*Brief*. Print the listing exactly as it stands. Skip every picture.

==== Stored data ====

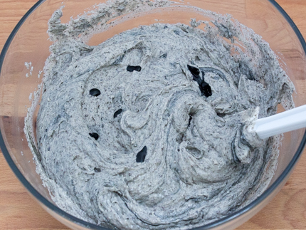 For a more dramatic black cake colour, add a few drops of black food colour to the batter and fold in.
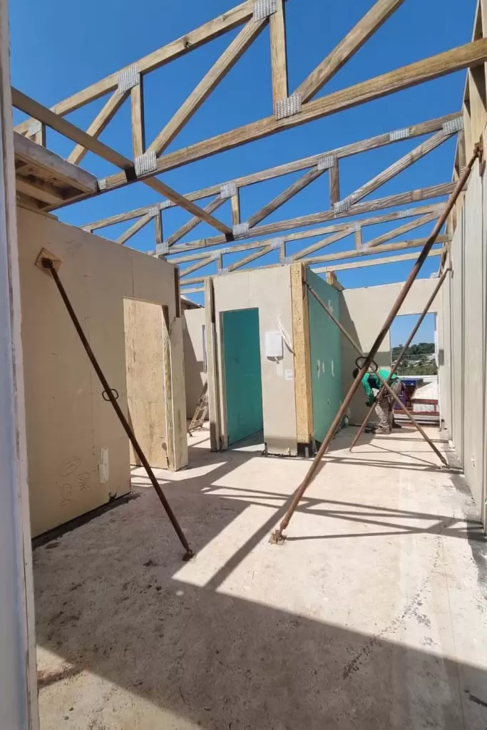 “As residências estão sendo construídas no sistema wood frame, que reduz consideravelmente o tempo de execução do serviço. As casas são compostas de sala, cozinha, dois quartos, banheiro e lavanderia. A área da estrutura tem três variações: 45 m², 48 m² e 50 m²”, explica o governo.
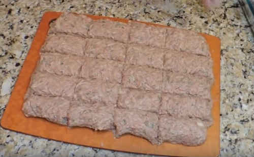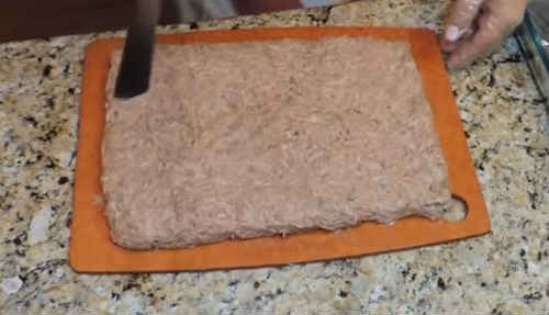 Можна зліпити котлетки, діючи традиційно, руками. Я пропоную сформувати страву по-іншому. Викладіть фаршевую масу на дошку, розрівняйте.

====

*Completed exercise*.
 For a more dramatic black cake colour, add a few drops of black food colour to the batter and fold in.
 “As residências estão sendo construídas no sistema wood frame, que reduz consideravelmente o tempo de execução do serviço. As casas são compostas de sala, cozinha, dois quartos, banheiro e lavanderia. A área da estrutura tem três variações: 45 m², 48 m² e 50 m²”, explica o governo.
 Можна зліпити котлетки, діючи традиційно, руками. Я пропоную сформувати страву по-іншому. Викладіть фаршевую масу на дошку, розрівняйте.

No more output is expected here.